The answer must be an exact copy of the lines from the one containing "Влить коньяк, вымесить" through the end of the records, with the pictures left out.

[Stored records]
..............................

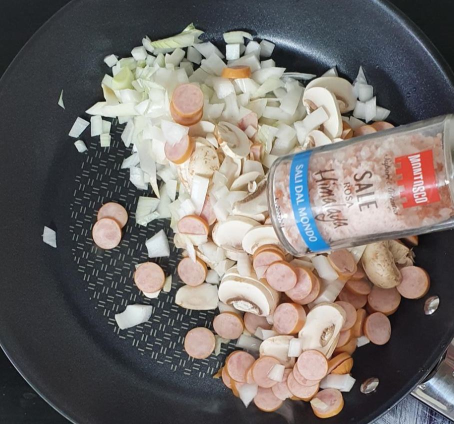 야채와 소시지를 볶아주시면서 소금 및 후추 간을 진행해 주세요.
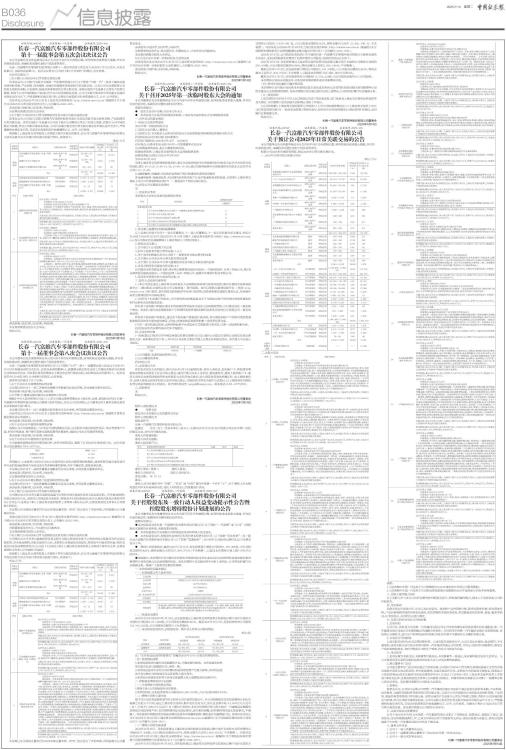证券代码:600742 证券简称:一汽富维 公告编号:2025-004 长春一汽富维汽车零部件股份有限公司 第十一届监事会第五次会议决议公告 本公司监事会及全体监事保证本公告内容不存在任何虚假记载、误导性陈述或者重大遗漏,并对其内容的真实性、准确性和完整性承担个别及连带责任。 长春一汽富维汽车零部件股份有限公司第十一届监事会第五次会议于2025年1月13日召开,应到会监事3人,实际到会监事3人。此次会议符合《公司法》和《公司章程》的规定,合法有效。 会议审议通过了: 1.关于预计公司2025年日常关联交易的议案 监事会认为:公司拟与关联方中国第一汽车集团有限公司(以下简称“中国一汽”)及其下属企业发生原材料采购、产品销售、综合服务、金融存贷款服务等类型的日常关联交易。以及公司与合营联营公司拟发生原材料采购、产品销售、接受劳务等类型的日常关联交易。该等交易的产生是基于正常生产经营之需要,有助于公司市场的稳定与拓展,符合公司和全体股东利益。公司与关联方发生的日常关联交易是在市场化运作方式下,严格遵循相关规定进行的,交易定价政策和定价依据遵照公正、公平、公开原则。 内容详见公司2025年1月14日在上海证券交易所网站(http://www.sse.com.cn)披露的《关于预计公司2025年日常关联交易的公告》,公告编号:2025-005。 表决结果:同意3票,反对0票,弃权0票。 本议案尚需提交股东大会审议 2.关于预计公司2025年日常与富奥股份及其关联方关联交易的议案 监事会认为:公司拟与关联方富奥汽车零部件股份有限公司及其关联方发生材料采购、产品销售的日常关联交易。该等交易的产生是基于公司及下属子公司维持正常生产经营之需要,有助于公司市场的稳定与拓展,符合公司和全体股东利益。公司与关联方发生的日常关联交易是在市场化运作方式下,严格遵循相关规定进行的,交易定价政策和定价依据遵照公正、公平、公开原则。 现根据《上海证券交易所股票上市规则》等有关规定的要求,对公司与富奥汽车零部件股份有限公司及其关联方2025年度日常关联交易进行预计,具体如下: 单位:万元 ■ ■ 表决结果:同意3票,反对0票,弃权0票。 本议案尚需提交股东大会审议。 特此公告。 长春一汽富维汽车零部件股份有限公司监事会 2025年1月14日 证券代码:600742 证券简称:一汽富维 公告编号:2025-003 长春一汽富维汽车零部件股份有限公司 第十一届董事会第八次会议决议公告 本公司董事会及全体董事保证本公告内容不存在任何虚假记载、误导性陈述或者重大遗漏,并对其内容的真实性、准确性和完整性承担个别及连带责任。 长春一汽富维汽车零部件股份有限公司(以下简称“公司”)第十一届董事会第八次会议于2025年1月13日以现场表决的方式召开。应参加表决的董事8人,副董事长杨文昭先生因工作原因未能亲自以现场方式参加本次会议,书面委托董事孙静波女士参加会议并行使表决权,实际参加表决的董事8人。此次会议符合《公司法》和《公司章程》的规定,合法有效。 逐项审议并通过了以下议案: 1.关于公司2025年度绩效指标的议案 本议案已经公司十一届二次董事会薪酬与考核委员会会议审核,并同意提交董事会审议。 表决结果:同意8票,反对0票,弃权0票。 2.关于修订《董事会提名委员会议事规则》的议案 根据《中华人民共和国公司法》《上市公司独立董事管理办法》等法律、法规、规范性文件及《长春一汽富维汽车零部件股份有限公司章程》的有关规定,结合公司实际情况,公司董事会对《董事会提名委员会议事规则》进行修订。 本议案已经公司十一届三次董事会提名委员会会议审核,并同意提交董事会审议。 内容详见公司2025年1月14日在上海证券交易所网站(http://www.sse.com.cn)披露的《董事会提名委员会议事规则》。 表决结果:同意8票,反对0票,弃权0票。 3.关于公司2025年度财务预算的议案 围绕公司五年战略规划、三年事业计划的战略总目标,以及股东方提出的经营目标。综合考虑客户产量、材料价格波动、客户降价及降本增效措施等前提条件,编制公司2025年度财务预算。 表决结果:同意8票,反对0票,弃权0票。 4.关于公司2025年度投资计划的议案 公司依据发展规划和内外部市场分析,并结合经营实际,编制了公司2025年度投资计划。2025年投资计划总额预计为84,567万元。 ■ 特别提示:上述投资计划为公司2025年度经营计划的内部管理控制指标,能否按期实施完成还受汽车行业的发展趋势和市场状况变化等多种因素的影响,存在不确定性,请投资者注意。 本议案已经公司十一届四次董事会战略委员会会议审核,并同意提交董事会审议。 表决结果:同意8票,反对0票,弃权0票。 本议案尚需提交股东大会审议。 5.关于公司2025年度实物资产处置预算清单的议案 本议案已经公司十一届四次董事会战略委员会会议审核,并同意提交董事会审议。 表决结果:同意8票,反对0票,弃权0票。 6.关于预计公司2025年日常关联交易的议案 公司预计2025年日常关联交易情况是基于正常的市场交易条件及有关协议制定的,符合商业惯例;关联交易定价公允,未损害公司利益及全体股东,特别是中小股东的利益;相关交易的内容及决策程序符合《公司法》《证券法》和《上海证券交易所股票上市规则》等有关法律、法规及规范性文件和《公
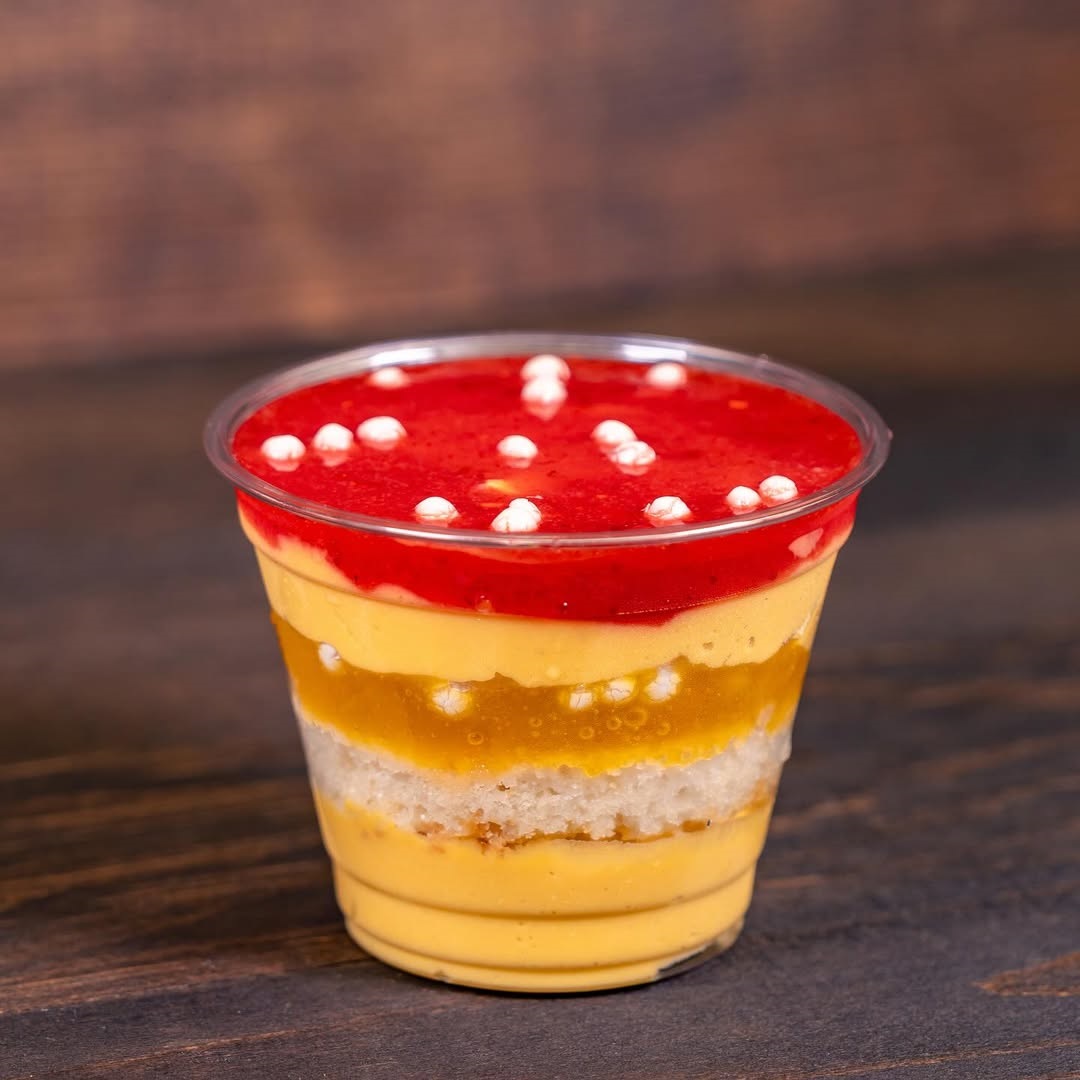 - Mango mousse, vanilla cake, mango passion fruit compote, and strawberry chamoy chile-lime gelée
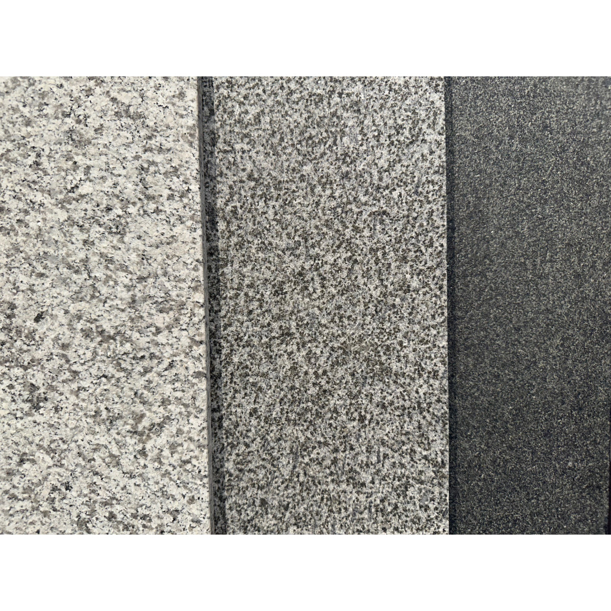 Robust granit flise med ru/jetbrændt overfalde - perfekt til trapper/trin og repos.
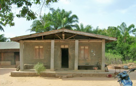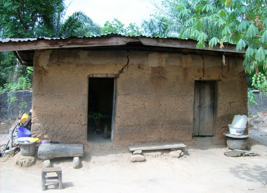 Dorfbewohner auf. Baustoffe von extern sind teuer und für die eher in bescheidenen Verhältnissen lebenden Menschen überwiegend unerschwinglich.
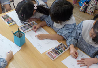鉛筆の持ち方、姿勢を確認してから〇の形を書きました。2016.01.16…
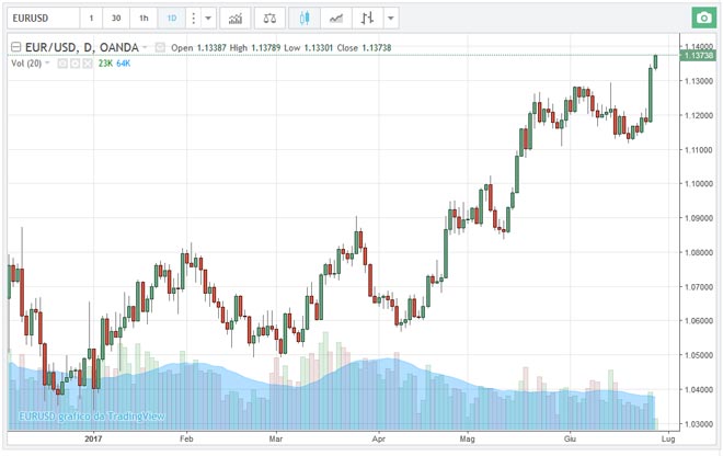 Il cambio euro/dollaro nel momento in cui scriviamo si trova a 1,13738 in rialzo dello 0,38%.
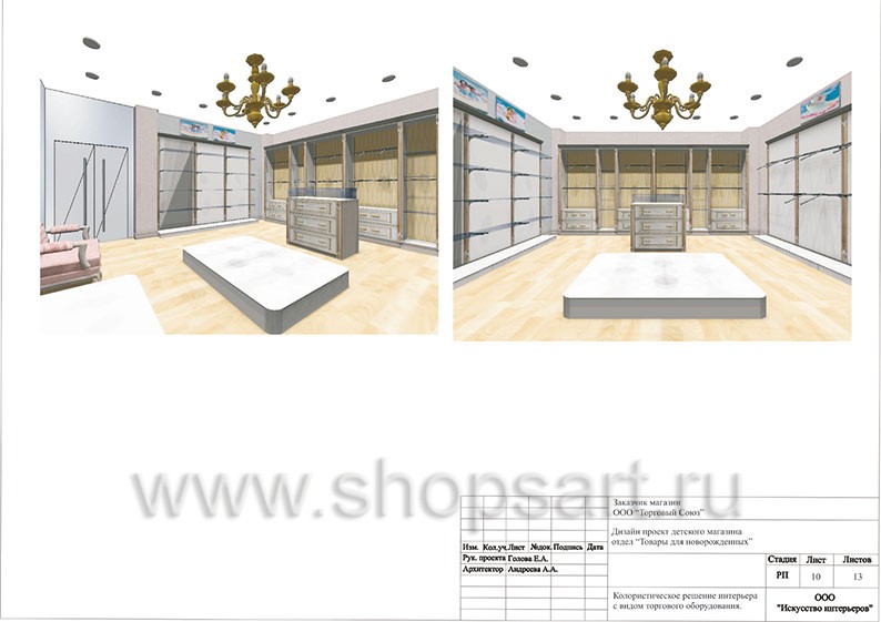 Торговое оборудование выполнено в виде пристенных стеллажей и открытых шкафов с подсветкой располагается по периметру магазина. В центральной части торгового зала устанавливаются демонстрационный стол – накопитель и подиумы для кроваток. Возле стеклянных витрин располагается подиум для кроваток и диванчик для покупателей. Цветовая гамма содержит нежно розовый и нежно голубой цвет, что подсознательно разделяет магазин на разделы одежды для девочек и одежды для мальчиков.
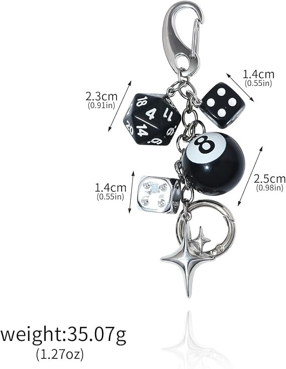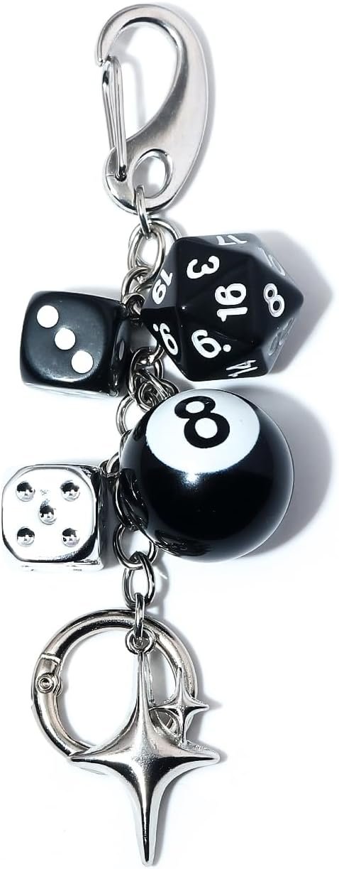 8 Ball Dice Charm Keychain – Cute Bag Purse Handbag Accessories – Y2K Aesthetic Key Chain for Women Men
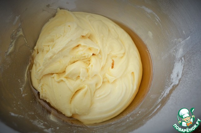 Влить коньяк, вымесить до однородности. -
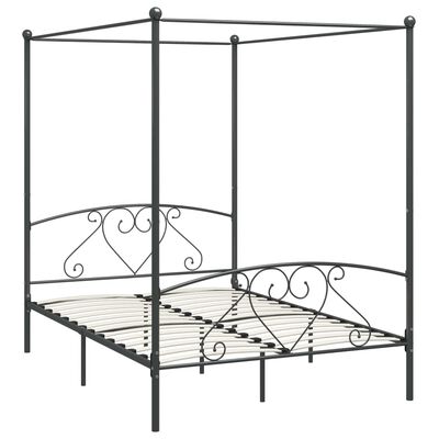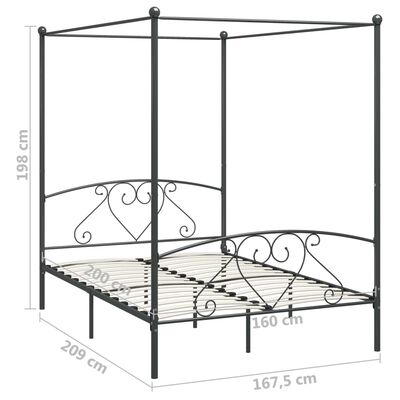 Cadru de pat cu baldachin, gri, 160 x 200 cm, metal
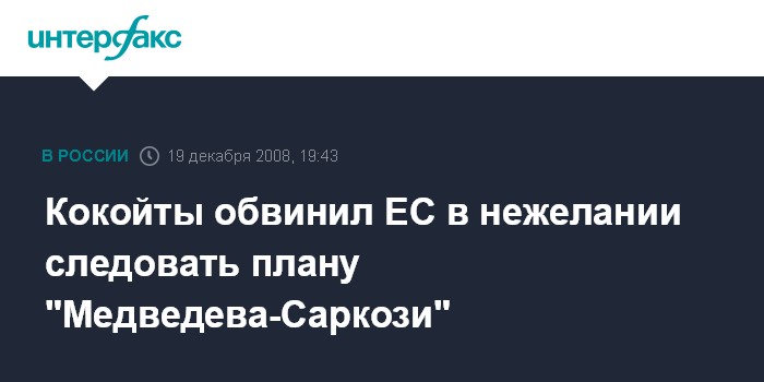 "Мы очень рассчитывали после тех консультаций, которые прошли в Цхинвали, что представители Европейского Союза будут строго придерживаться той линии, которая определена в соглашении Медведева - Саркози. Hо они уходят от этого формата и от этих соглашений", - заявил Кокойты в пятницу "Интерфаксу" по прибытии в Архангельск.

..............................

• _REPLY TO THE EXERCISE_
 Влить коньяк, вымесить до однородности. -
 Cadru de pat cu baldachin, gri, 160 x 200 cm, metal
 "Мы очень рассчитывали после тех консультаций, которые прошли в Цхинвали, что представители Европейского Союза будут строго придерживаться той линии, которая определена в соглашении Медведева - Саркози. Hо они уходят от этого формата и от этих соглашений", - заявил Кокойты в пятницу "Интерфаксу" по прибытии в Архангельск.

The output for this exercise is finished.